Myths this subject attracts
Myth: people are "left-brained" (logical, analytical) or "right-brained" (creative, intuitive).
Fact: this is the most successful piece of neuro-nonsense ever produced, and it is a misreading of the language findings on this page. The real finding is that language is lateralised in most people. That is a claim about one cognitive system, and it does not generalise into a claim about personality types. Every complex task recruits both hemispheres, extensively and continuously, and the two are joined by roughly 200 million fibres precisely so that they can work together. There is no evidence that individuals have a dominant hemisphere that determines whether they are logical or artistic. Creativity in particular is not a right-hemisphere function; it draws on distributed networks across both sides. Lateralisation is real. "Left-brained people" are not.
Myth: Broca's area is the speech organ, the place where speech is produced.
Fact: two separate problems. First, lesions confined to Broca's area do not reliably produce a lasting Broca's aphasia; the persistent syndrome requires larger damage extending into underlying white matter and neighbouring cortex, and the high-resolution re-imaging of Leborgne's preserved brain by Dronkers and colleagues (2007) showed his own lesion was far more extensive than the classic account admits. Second, the region is not language-specific: it is engaged by non-linguistic sequencing, hierarchical structure, and working memory tasks. It contributes to speech. It is not the seat of it.
Myth: if a language area is damaged, language is lost forever.

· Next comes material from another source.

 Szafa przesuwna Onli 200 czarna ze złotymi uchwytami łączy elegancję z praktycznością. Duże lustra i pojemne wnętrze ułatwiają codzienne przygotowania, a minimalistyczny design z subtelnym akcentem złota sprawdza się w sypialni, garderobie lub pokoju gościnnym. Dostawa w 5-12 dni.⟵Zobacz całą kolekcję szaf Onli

Fact: recovery and reorganisation are the norm rather than the exception, though rarely to full restoration in adults. Children with extensive early left-hemisphere damage can develop functional language supported largely by the right hemisphere. Adults with post-stroke aphasia typically improve over months and sometimes years, with reorganisation observed both in surviving left-hemisphere tissue around the lesion and in right-hemisphere homologues, and speech and language therapy measurably helps. Severe global aphasia can nonetheless be permanent and devastating, so the claim is that recovery is possible and common, not that it is guaranteed.

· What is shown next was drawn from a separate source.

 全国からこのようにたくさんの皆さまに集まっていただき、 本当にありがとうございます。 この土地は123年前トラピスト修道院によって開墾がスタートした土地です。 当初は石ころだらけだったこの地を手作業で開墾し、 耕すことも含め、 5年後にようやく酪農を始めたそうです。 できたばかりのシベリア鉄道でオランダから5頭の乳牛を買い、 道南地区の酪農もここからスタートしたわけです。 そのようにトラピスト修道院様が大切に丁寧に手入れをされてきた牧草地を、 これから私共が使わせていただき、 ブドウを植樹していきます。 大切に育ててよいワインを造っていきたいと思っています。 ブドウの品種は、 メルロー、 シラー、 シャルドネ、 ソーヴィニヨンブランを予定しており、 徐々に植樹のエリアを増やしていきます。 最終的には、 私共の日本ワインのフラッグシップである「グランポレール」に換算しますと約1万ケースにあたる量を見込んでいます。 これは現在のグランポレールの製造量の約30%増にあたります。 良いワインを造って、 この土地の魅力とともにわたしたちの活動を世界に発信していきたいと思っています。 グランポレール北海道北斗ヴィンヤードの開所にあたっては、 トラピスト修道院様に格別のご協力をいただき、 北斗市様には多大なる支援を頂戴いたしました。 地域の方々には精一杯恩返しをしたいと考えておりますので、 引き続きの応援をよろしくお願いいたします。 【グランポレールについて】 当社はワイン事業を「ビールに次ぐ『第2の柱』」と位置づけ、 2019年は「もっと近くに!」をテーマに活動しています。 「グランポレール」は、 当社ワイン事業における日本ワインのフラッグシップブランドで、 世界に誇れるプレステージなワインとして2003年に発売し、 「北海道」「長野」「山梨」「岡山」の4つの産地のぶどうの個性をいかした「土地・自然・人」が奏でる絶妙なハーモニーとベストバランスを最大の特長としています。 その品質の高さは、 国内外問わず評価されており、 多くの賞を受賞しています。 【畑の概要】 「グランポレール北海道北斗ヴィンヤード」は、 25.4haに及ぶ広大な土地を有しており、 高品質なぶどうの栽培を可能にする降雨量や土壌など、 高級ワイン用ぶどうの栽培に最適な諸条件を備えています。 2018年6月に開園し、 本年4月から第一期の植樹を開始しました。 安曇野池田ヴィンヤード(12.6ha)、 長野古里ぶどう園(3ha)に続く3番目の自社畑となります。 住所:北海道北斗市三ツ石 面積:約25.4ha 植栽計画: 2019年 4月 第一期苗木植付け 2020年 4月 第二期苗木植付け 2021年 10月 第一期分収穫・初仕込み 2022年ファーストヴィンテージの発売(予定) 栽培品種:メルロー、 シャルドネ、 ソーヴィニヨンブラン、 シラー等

Myth: someone with aphasia has lost their intelligence.
Fact: aphasia is a disorder of language, not of intellect. This confusion is the cruellest thing about the condition. A person with severe non-fluent aphasia may be fully aware, fully oriented, capable of reasoning and of making decisions about their own life, and completely unable to demonstrate any of it through the one channel other people are listening to. Leborgne himself gestured, counted on his fingers, and understood much of what was said to him. Treating the loss of speech as the loss of a mind is a mistake with real consequences for how patients are spoken to and cared for.
Sources
- Hickok G, Poeppel D. The cortical organization of speech processing. Nature Reviews Neuroscience. 2007;8(5):393-402.

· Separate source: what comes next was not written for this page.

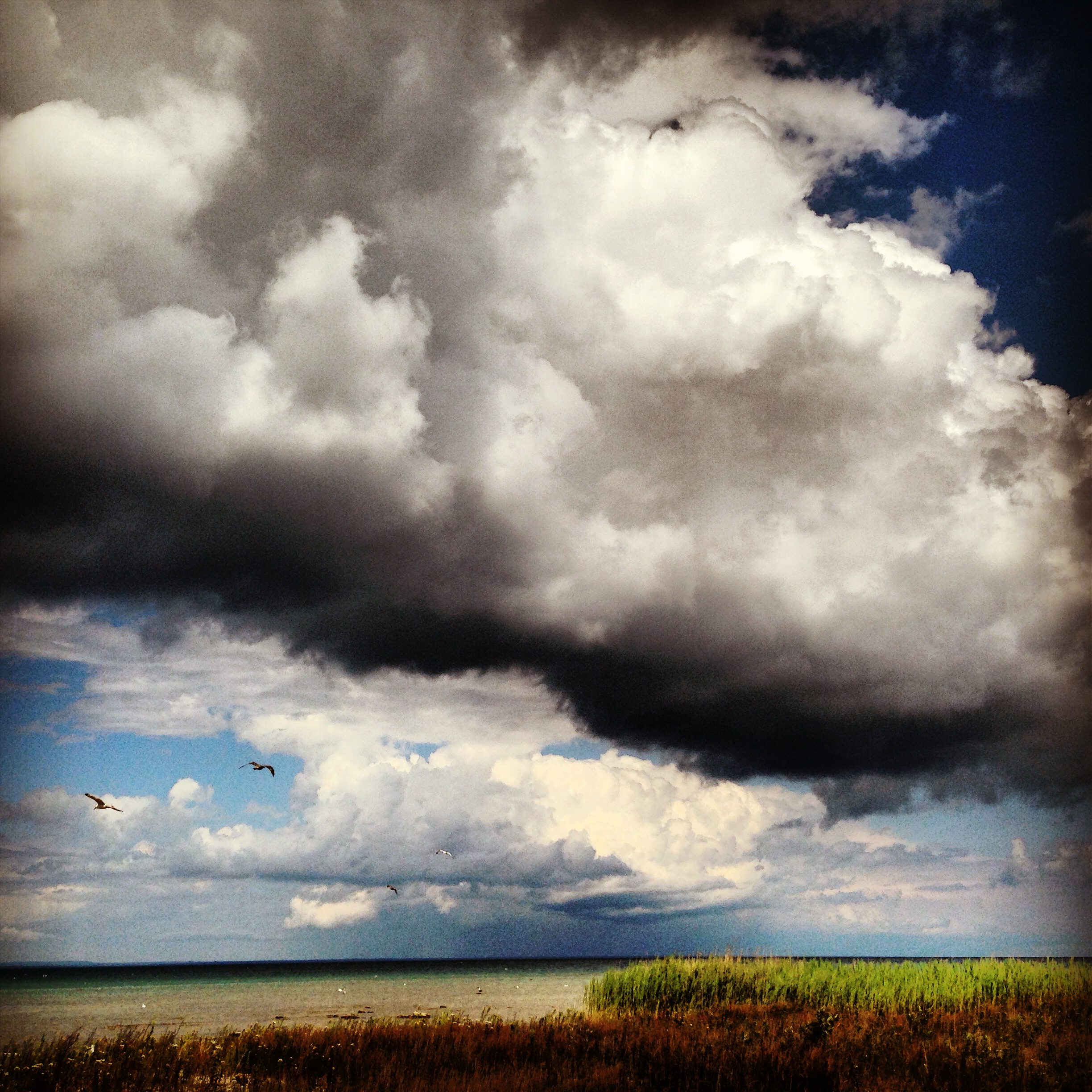 During our ferry ride from St. Ignas to Mackinac Island, we tried to ignore the thunderclouds that were forming.

- Knecht S, Dräger B, Deppe M, et al. Handedness and hemispheric language dominance in healthy humans. Brain. 2000;123(12):2512-2518.
- Dronkers NF, Plaisant O, Iba-Zizen MT, Cabanis EA. Paul Broca's historic cases: high resolution MR imaging of the brains of Leborgne and Lelong. Brain. 2007;130(5):1432-1441.
- Gazzaniga MS. Cerebral specialization and interhemispheric communication: does the corpus callosum enable the human condition? Brain. 2000;123(7):1293-1326.
- Kandel ER, Koester JD, Mack SH, Siegelbaum SA. Principles of Neural Science. 6th ed. McGraw-Hill; 2021.
This page is an educational reference. It is not medical advice and does not diagnose or treat any condition.